Warning: Spoilers ahead
In the new movie “Steve Jobs,” a major theme is the Apple co-founder’s relationship with his daughter, Lisa Brennan-Jobs.
For Aaron Sorkin, the film’s screenwriter, meeting Brennan-Jobs before writing the script was invaluable. And it’s an interview even Walter Isaacson couldn’t secure for his Jobs-approved biography.
“At first I didn’t know what I was looking for,” Sorkin told Business Insider, hours before the film premiered at the New York Film Festival. “Lisa didn’t speak to Walter Isaacson when Walter was writing the book [“Steve Jobs“] because her father was alive at the time. But she was willing to speak to me. She was able to tell stories about her father that weren’t necessarily flattering stories, but she would tell the story and then show me how you could see he really did love her.”
Sorkin said hearing her tell those stories made him want to have a major part of the film be about the father-daughter relationship.
Brennan-Jobs is featured in all three parts of the film, which looks at the launch of the Macintosh, Jobs’ NeXT, and the iMac. In a heart-breaking sequence in the first act, Jobs (played by Michael Fassbender) rants that Brennan-Jobs is not his daughter and that the Macintosh, though named “Lisa,” is not named after her.

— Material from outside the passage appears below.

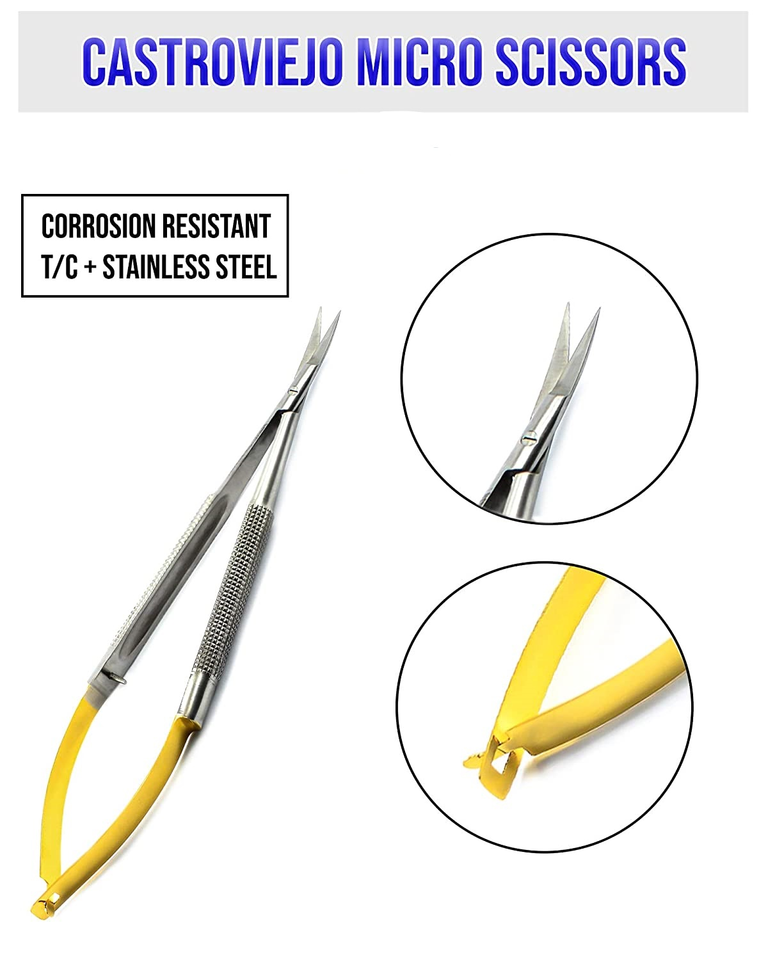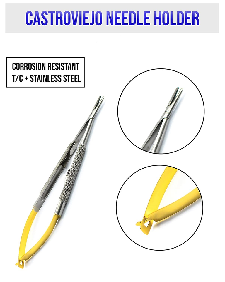 Especificación:3 Castroviejo Micro Cirugía Pinza de Satura Tijeras Aguja Curva TC Pinzas Kit de Cirugía tijera quirúrgica

Both “Steve Jobs,” directed by Danny Boyle, and “Steve Jobs: The Man In The Machine,” the recently released documentary by Alex Gibney, spend time looking at Jobs’ relationship with his daughter.
When Jobs launched Apple, he denied he was Lisa’s father, even when a court-ordered DNA test proved that he was.
Jobs only gave $US500-a-month to Lisa’s mother, Chrisann Brennan, for child support — even though he was worth more than $US225 million.
But, according to the Gibney documentary, by Jobs’ death in 2011 the two had a better relationship.
However, Sorkin did admit to Business Insider that if Jobs were still alive today he would ask him to truthfully answer this question about his daughter:
“I would ask, ‘Why do you pretend you didn’t name the computer after Lisa?’ I can’t fathom,” said Sorkin. “Any other father, if they hadn’t named it after their daughter would lie and say they did. I just can’t fathom it.”
“Steve Jobs” opens in theatres on Friday.